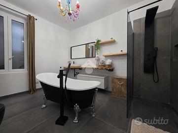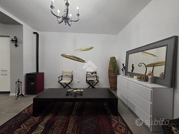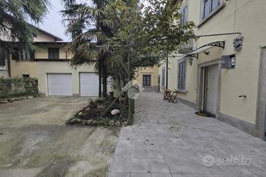 PONTE SAN PIETRO-ELEGANTE PORZIONE SEMI INDIPENDENTE CON BOX DOPPIO In contesto tranquillo e riservato, nel comune di Ponte San Pietro, proponiamo in vendita elegante porzione semi-indipendente recentemente ristrutturata, caratterizzata da uno stile contemporaneo, ambienti armoniosi e un'attenta cura dei dettagli che rendono l'abitazione pronta da vivere. L'immobile, si sviluppa su più livelli per una superficie complessiva di circa 168 mq , offrendo spazi ampi e ben organizzati. Al piano terra si viene accolti da una luminosa zona giorno, dove il soggiorno e il salotto si fondono in un ambiente elegante e funzionale, valorizzato da finiture moderne, tonalità neutre e materiali di qualità che conferiscono calore e raffinatezza agli spazi. La disposizione interna permette di vivere la zona giorno in modo fluido, ideale sia per momenti di relax sia per accogliere ospiti. Completa il piano una comoda lavanderia, pratica e ben integrata. Salendo al primo piano si accede alla zona notte, pensata per garantire comfort e privacy. La camera padronale, spaziosa e ben illuminata, è arricchita da un bagno en suite dal design moderno, mentre la seconda camera matrimoniale si presta perfettamente sia come stanza per ospiti sia come camera per famiglia. Il piano è completato da un ulteriore bagno di servizio, rifinito con gusto e funzionalità. All'esterno, la proprietà offre un piacevole portico, uno spazio ideale per pranzi all'aperto, momenti di convivialità o semplicemente per godere della tranquillità del contesto. Il cortile e le aree esterne contribuiscono a creare un ambiente riservato e vivibile. Completa la proprietà un ampio box doppio, con superficie di circa 26 mq , perfetto per ospitare due autovetture oltre a garantire ulteriore spazio di deposito. L'immobile rappresenta una soluzione ideale per chi desidera indipendenza, spazi generosi e uno stile moderno, inserita in un contesto tranquillo ma comodo ai principali servizi.
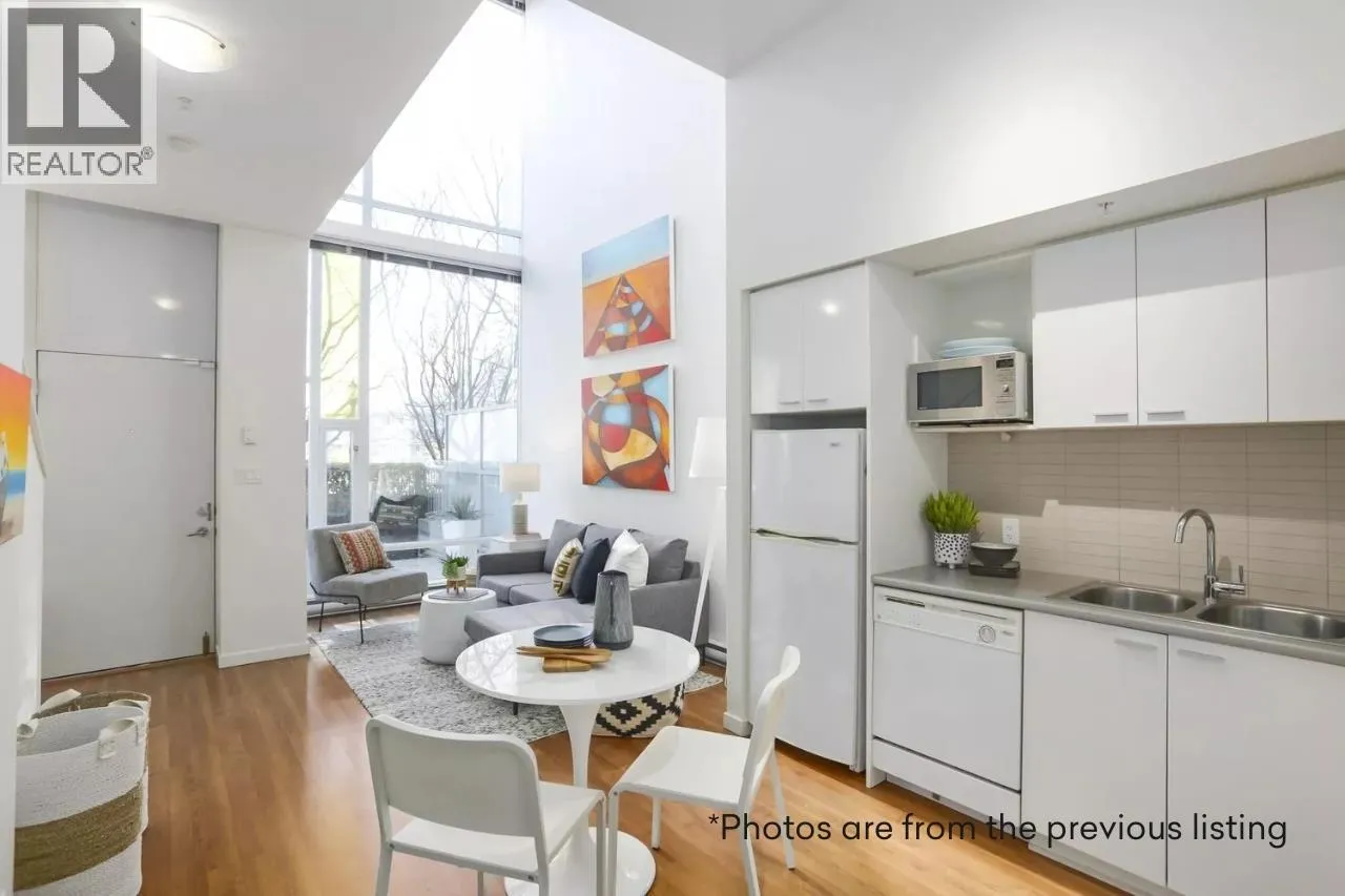 Stunning 3-Level Live/Work Concrete Townhome with a Private Rooftop Terrace! This home offers 879 SF of outdoor living space spread across multiple patios + 865 SF of interior living. The main level boasts a grand open-concept living area with soaring 20´ ceilings, expansive windows, and abundant natural light. The sleek kitchen feat. a ceramic cooktop & built-in oven, with ample cabinet storage. Large laundry/storage room & a back entrance providing access to parking/bike room. 2nd level is the primary bedroom & a versatile loft office/flex space. The 3rd level´s massive, private rooftop terrace is perfect for summer entertaining! Amenities: Concierge service & premium amenities, including a gym & indoor pool, etc. Prime location near Skytrain and all amenities! Zoning allows for office use. (id:27476)
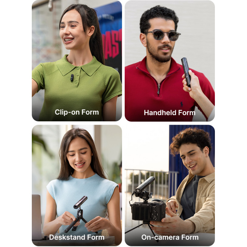 - Neli kasutusviisi: lavalier-, käsi-, laua- ja kaameramikrofon
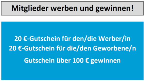 Jedes Neumitglied und dessen Werber/in erhält auf jeden Fall am Ende der Werbeaktion einen Gutschein im Wert von 20 Euro.*
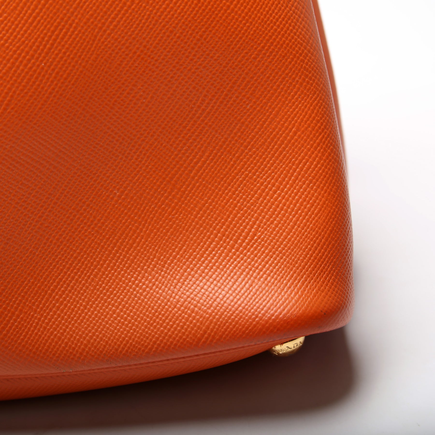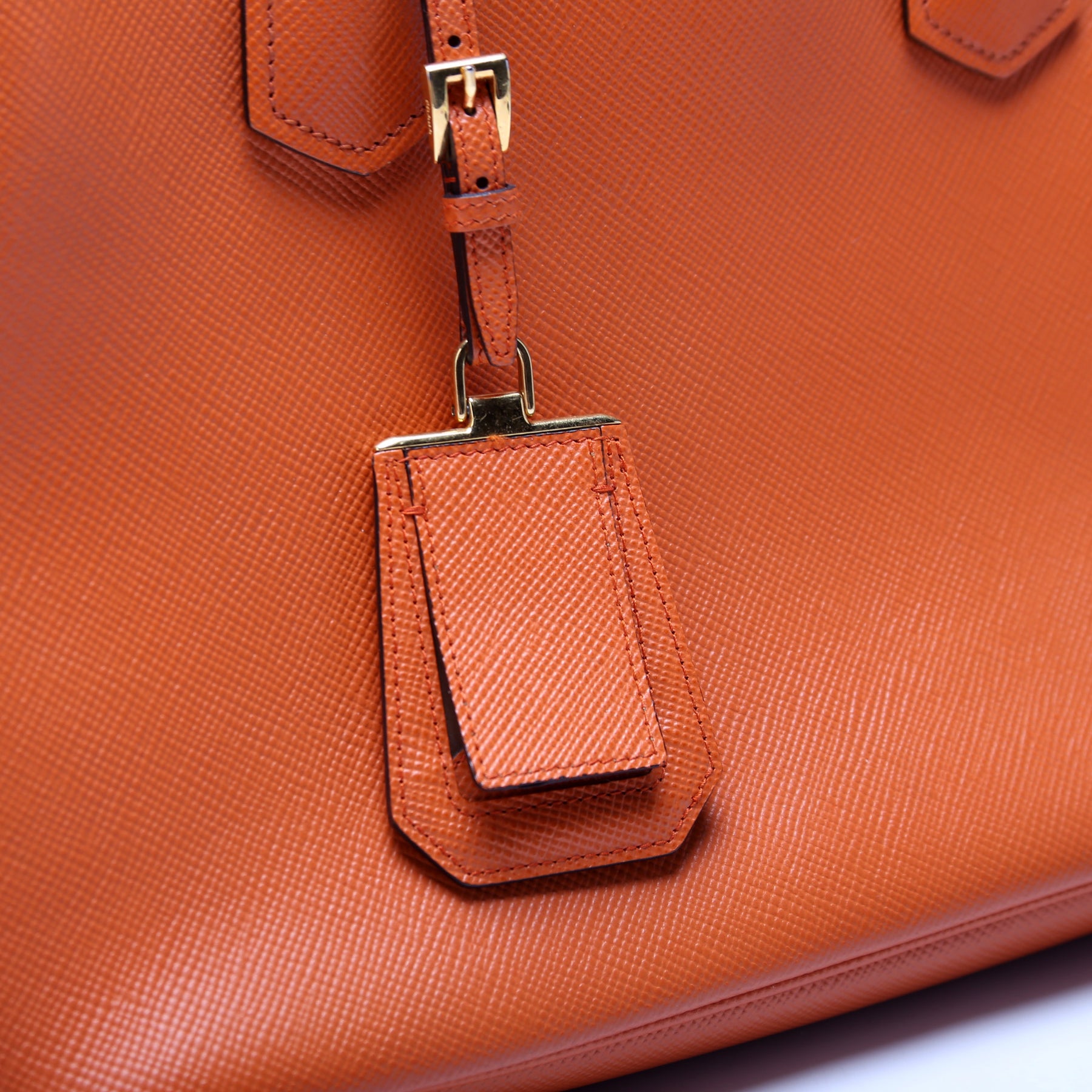 This pre-owned Prada Cuir Double Medium is guaranteed 100% authentic. The exterior is in the classic Prada Saffiano leather.
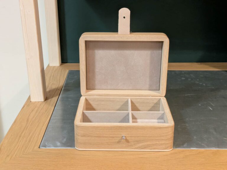 Ce petit coffret à bijoux en chêne, au format délicat et épuré, est fabriqué artisanalement dans le Jura, au cœur d’un territoire riche en savoir-faire. Réalisé en bois massif du Jura, il reflète toute la noblesse d’un matériau local et durable.
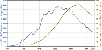 German scientists identified a link between smoking and lung cancer in the late 1920s, leading to the first anti-smoking campaign in modern history, albeit one truncated by the collapse of Nazi Germany at the end of World War II.[10] In 1950, British researchers demonstrated a clear relationship between smoking and cancer.[11] Evidence continued to mount in the 1960s, which prompted political action against the practice. Rates of consumption since 1965 in the developed world have either peaked or declined.[12] However, they continue to climb in the developing world.[13] As of 2008 to 2010, tobacco is used by about 49% of men and 11% of women aged 15 or older in fourteen low-income and middle-income countries (Bangladesh, Brazil, China, Egypt, India, Mexico, Philippines, Russia, Thailand, Turkey, Ukraine, Uruguay, and Vietnam), with about 80% of this usage in the form of smoking.[14] The gender gap tends to be less pronounced in lower age groups.[15][16] According to the World Health Organization, 8 million annual deaths are caused by tobacco smoking.[17]
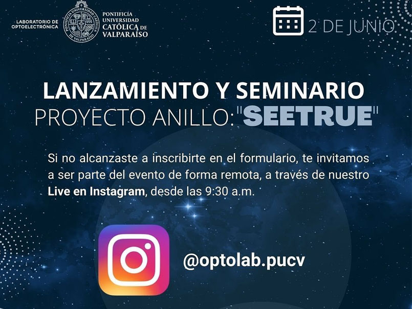 El Laboratorio de Optoelectrónica de la Escuela de Ingeniería Eléctrica de la PUCV realizará el Lanzamiento del Proyecto Anillo SEETRUE - “Sharp wavefront sEnsing for adaptivE opTics in gRound-based satellite commUnications and spacE surveillance”, trabajo que se realiza en colaboración con la Universidad de La Frontera y la Universidad de Chile.
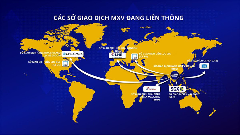 Sau 12 năm thành lập và phát triển, hiện nay MXV đang liên thông với hầu hết các Sở Giao dịch lớn nhất trên thế giới như: Sở Giao dịch Hàng hóa Chicago (CME Group), Sở Giao dịch Kim loại London (LME), Sở Giao dịch Liên lục địa (ICE), Sở Giao dịch Singapore (SGX), Sở Giao dịch Osaka (OSE), Sở Giao dịch Phái sinh Bursa Malaysia (BMD).
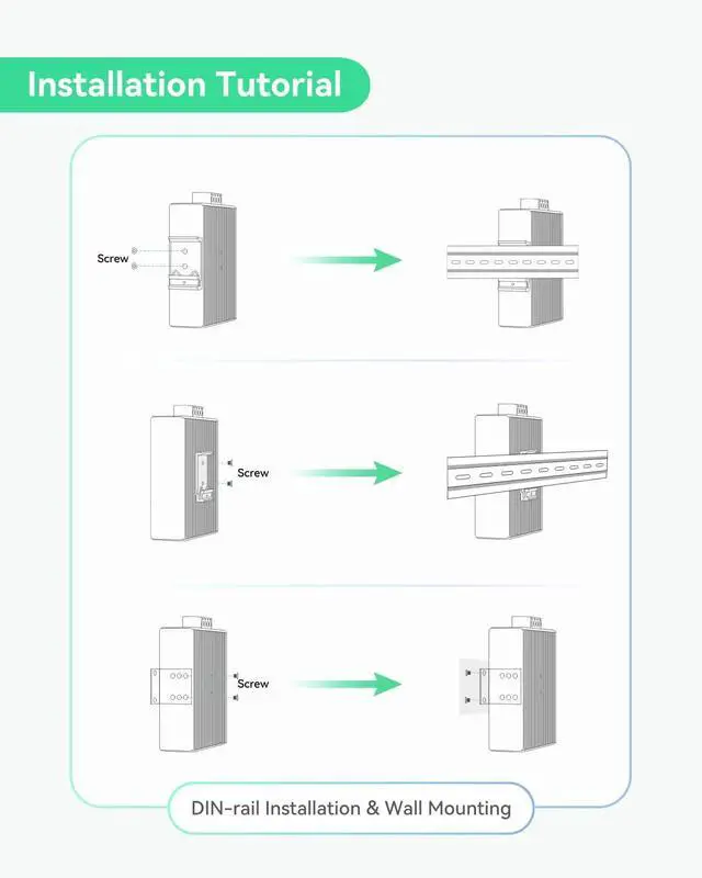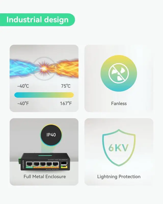 Industrial Design - Compact IP40 rugged metal enclosure; Wide working temperature -40 to 167 (-40°C to 75°C); Support DIN-Rail & Wall Mount.
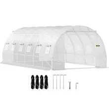 VEVOR Serra a tunnel walk-in 4,4 x 1,9 x 1,9 m giardinaggio, Serra pellicola a tunnel per piante telaio in acciaio zincato, Copertura in PE bianco, Porta avvolgibile con cerniera 8 finestre esterne

:::

- [EXERCISE REQUIREMENTS]
Print the records verbatim, without pictures.

- [WRITTEN ANSWER]
 PONTE SAN PIETRO-ELEGANTE PORZIONE SEMI INDIPENDENTE CON BOX DOPPIO In contesto tranquillo e riservato, nel comune di Ponte San Pietro, proponiamo in vendita elegante porzione semi-indipendente recentemente ristrutturata, caratterizzata da uno stile contemporaneo, ambienti armoniosi e un'attenta cura dei dettagli che rendono l'abitazione pronta da vivere. L'immobile, si sviluppa su più livelli per una superficie complessiva di circa 168 mq , offrendo spazi ampi e ben organizzati. Al piano terra si viene accolti da una luminosa zona giorno, dove il soggiorno e il salotto si fondono in un ambiente elegante e funzionale, valorizzato da finiture moderne, tonalità neutre e materiali di qualità che conferiscono calore e raffinatezza agli spazi. La disposizione interna permette di vivere la zona giorno in modo fluido, ideale sia per momenti di relax sia per accogliere ospiti. Completa il piano una comoda lavanderia, pratica e ben integrata. Salendo al primo piano si accede alla zona notte, pensata per garantire comfort e privacy. La camera padronale, spaziosa e ben illuminata, è arricchita da un bagno en suite dal design moderno, mentre la seconda camera matrimoniale si presta perfettamente sia come stanza per ospiti sia come camera per famiglia. Il piano è completato da un ulteriore bagno di servizio, rifinito con gusto e funzionalità. All'esterno, la proprietà offre un piacevole portico, uno spazio ideale per pranzi all'aperto, momenti di convivialità o semplicemente per godere della tranquillità del contesto. Il cortile e le aree esterne contribuiscono a creare un ambiente riservato e vivibile. Completa la proprietà un ampio box doppio, con superficie di circa 26 mq , perfetto per ospitare due autovetture oltre a garantire ulteriore spazio di deposito. L'immobile rappresenta una soluzione ideale per chi desidera indipendenza, spazi generosi e uno stile moderno, inserita in un contesto tranquillo ma comodo ai principali servizi.
 Stunning 3-Level Live/Work Concrete Townhome with a Private Rooftop Terrace! This home offers 879 SF of outdoor living space spread across multiple patios + 865 SF of interior living. The main level boasts a grand open-concept living area with soaring 20´ ceilings, expansive windows, and abundant natural light. The sleek kitchen feat. a ceramic cooktop & built-in oven, with ample cabinet storage. Large laundry/storage room & a back entrance providing access to parking/bike room. 2nd level is the primary bedroom & a versatile loft office/flex space. The 3rd level´s massive, private rooftop terrace is perfect for summer entertaining! Amenities: Concierge service & premium amenities, including a gym & indoor pool, etc. Prime location near Skytrain and all amenities! Zoning allows for office use. (id:27476)
 - Neli kasutusviisi: lavalier-, käsi-, laua- ja kaameramikrofon
 Jedes Neumitglied und dessen Werber/in erhält auf jeden Fall am Ende der Werbeaktion einen Gutschein im Wert von 20 Euro.*
 This pre-owned Prada Cuir Double Medium is guaranteed 100% authentic. The exterior is in the classic Prada Saffiano leather.
 Ce petit coffret à bijoux en chêne, au format délicat et épuré, est fabriqué artisanalement dans le Jura, au cœur d’un territoire riche en savoir-faire. Réalisé en bois massif du Jura, il reflète toute la noblesse d’un matériau local et durable.
 German scientists identified a link between smoking and lung cancer in the late 1920s, leading to the first anti-smoking campaign in modern history, albeit one truncated by the collapse of Nazi Germany at the end of World War II.[10] In 1950, British researchers demonstrated a clear relationship between smoking and cancer.[11] Evidence continued to mount in the 1960s, which prompted political action against the practice. Rates of consumption since 1965 in the developed world have either peaked or declined.[12] However, they continue to climb in the developing world.[13] As of 2008 to 2010, tobacco is used by about 49% of men and 11% of women aged 15 or older in fourteen low-income and middle-income countries (Bangladesh, Brazil, China, Egypt, India, Mexico, Philippines, Russia, Thailand, Turkey, Ukraine, Uruguay, and Vietnam), with about 80% of this usage in the form of smoking.[14] The gender gap tends to be less pronounced in lower age groups.[15][16] According to the World Health Organization, 8 million annual deaths are caused by tobacco smoking.[17]
 El Laboratorio de Optoelectrónica de la Escuela de Ingeniería Eléctrica de la PUCV realizará el Lanzamiento del Proyecto Anillo SEETRUE - “Sharp wavefront sEnsing for adaptivE opTics in gRound-based satellite commUnications and spacE surveillance”, trabajo que se realiza en colaboración con la Universidad de La Frontera y la Universidad de Chile.
 Sau 12 năm thành lập và phát triển, hiện nay MXV đang liên thông với hầu hết các Sở Giao dịch lớn nhất trên thế giới như: Sở Giao dịch Hàng hóa Chicago (CME Group), Sở Giao dịch Kim loại London (LME), Sở Giao dịch Liên lục địa (ICE), Sở Giao dịch Singapore (SGX), Sở Giao dịch Osaka (OSE), Sở Giao dịch Phái sinh Bursa Malaysia (BMD).
 Industrial Design - Compact IP40 rugged metal enclosure; Wide working temperature -40 to 167 (-40°C to 75°C); Support DIN-Rail & Wall Mount.
 VEVOR Serra a tunnel walk-in 4,4 x 1,9 x 1,9 m giardinaggio, Serra pellicola a tunnel per piante telaio in acciaio zincato, Copertura in PE bianco, Porta avvolgibile con cerniera 8 finestre esterne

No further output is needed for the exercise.